#### [Source data]
----------------
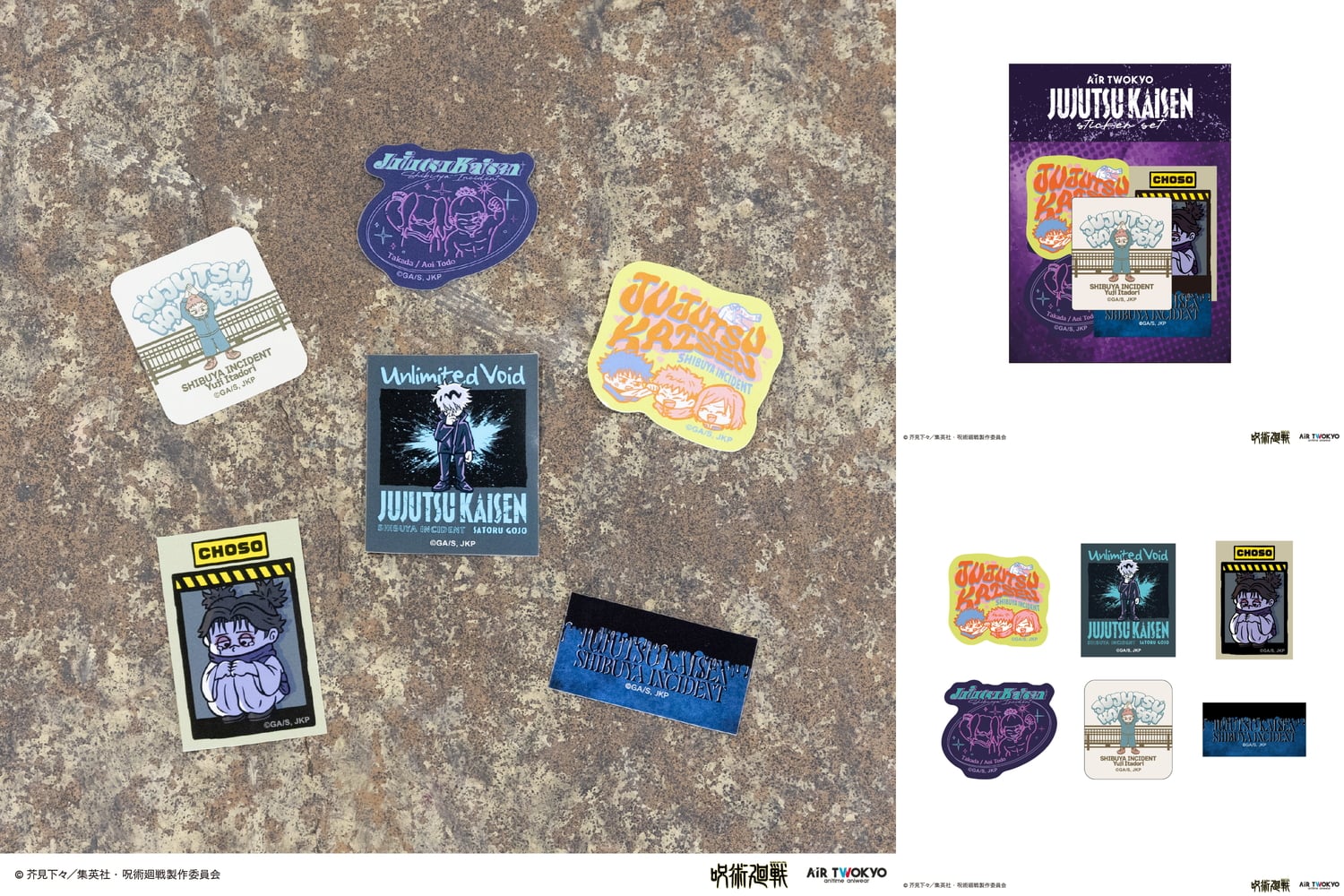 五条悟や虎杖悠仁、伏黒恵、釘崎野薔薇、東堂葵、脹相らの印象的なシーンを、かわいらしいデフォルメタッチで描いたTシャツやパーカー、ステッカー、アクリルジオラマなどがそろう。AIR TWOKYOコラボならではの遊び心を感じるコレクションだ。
----------------
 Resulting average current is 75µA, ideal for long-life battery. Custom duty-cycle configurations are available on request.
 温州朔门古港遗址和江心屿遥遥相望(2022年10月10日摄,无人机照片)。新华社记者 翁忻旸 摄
----------------
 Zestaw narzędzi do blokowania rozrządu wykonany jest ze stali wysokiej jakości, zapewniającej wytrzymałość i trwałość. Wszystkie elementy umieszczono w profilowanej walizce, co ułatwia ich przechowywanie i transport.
----------------
#### [Your assignment]
Reproduce the lines above, beginning at the line with "Resulting average current" and stopping after the line with "温州朔门古港遗址和江心屿遥遥相望(2022年10月10日摄,无人机照片)。新华社记者 翁忻旸 摄", exactly as they are.

#### [Answer to the exercise]
 Resulting average current is 75µA, ideal for long-life battery. Custom duty-cycle configurations are available on request.
 温州朔门古港遗址和江心屿遥遥相望(2022年10月10日摄,无人机照片)。新华社记者 翁忻旸 摄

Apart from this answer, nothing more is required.